There’s a schedule we’re vaguely close to following. People are showing up more or less at their designated times. We’ve trudged through the first and longest day without any overly serious problems. Don’t get me started on people’s seeming inability to brief and then immediately go away so we can proceed on schedule to the next segment. This introvert will never understand the tendency to stand around, blocking the camera, glad handing for ten minutes once you’ve finished what you’re there to do. Personally, once my piece is finished, I want to be the first out the door. I’ve never felt the need or desire to mill around talking about what I just talked about when there was literally anything else I could be doing.

On a positive note, I haven’t had to worry about a giant tent blowing away during a freak thunderstorm, the caterer not making enough food for lunch, or issuing refunds for people wo decided to spend shit tons of money and then not show up. So I’ve got that going for me, which is nice. Still, from my wheelhouse down at the edge of the stage, the only good event is the one that’s already over.

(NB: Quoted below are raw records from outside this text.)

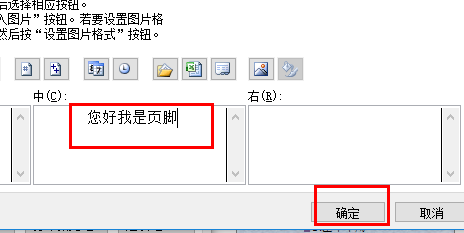 3)弹出页脚页面,在中部输入表尾设置,点击“确定”
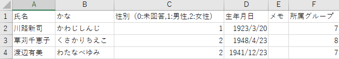 [所属グループ]は半角カンマ区切りで複数指定できます。
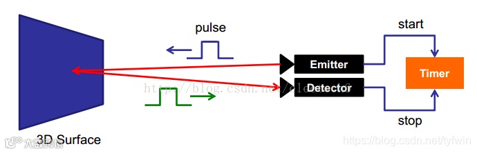 脉冲调制:脉冲调制方案的原理比较简单,如下图所示。它直接根据脉冲发射和接收的时间差来测算距离。
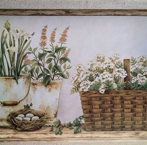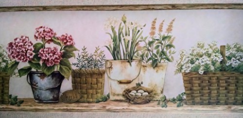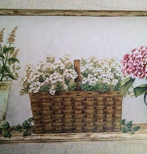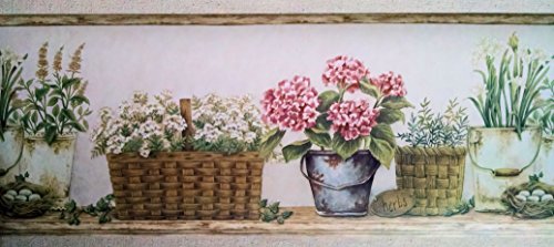 -. Feature : 15 Foot Long Spools - Prepasted Wallpaper Border / Pattern: CAB3267 - Tan / 9 Inches Wide / Flowers Wallpaper Border / Flowers, Baskets, Country Wallpaper Border

Another Tharp and Associates Production…

It’s the most ridiculous week of the year.

I spent most of the morning updating slides that were allegedly “final” three weeks ago. There’s always one more opportunity to swap out “glad” for “happy” for the 36th time, I suppose.

I should probably be happy. The inertia of large events is about to take control of this one and guide it down the slipway towards “mission complete” on Thursday afternoon. The only promise I ever make in the days before a Tharp and Associates Production is “Some things will go well. Some things will go badly. And a week after it’s over, no one will care except that it means we’ve checked that particular box for another circuit around the sun.”

This is the second year in a row that we’ve been forced to do everything “remotely.” Despite it being infinitely more manageable and cost effective, I can’t imagine that COVID-enforced way of doing things being allowed to persist in a post- COVID world. Before you know it, I’ll be back to talking to caterers, circus tent rental companies, stage and lighting designers, and the gaggle of other vendors you need to deal with to make sure every year is just a little bit bigger and more extravagant than the one before.

There are loads of future dates and activities that I look forward to, but I try not to make a habit of wishing my life away. All the same, if I were to go to sleep tonight and somehow wake up on Friday morning, I wouldn’t raise a word of protest.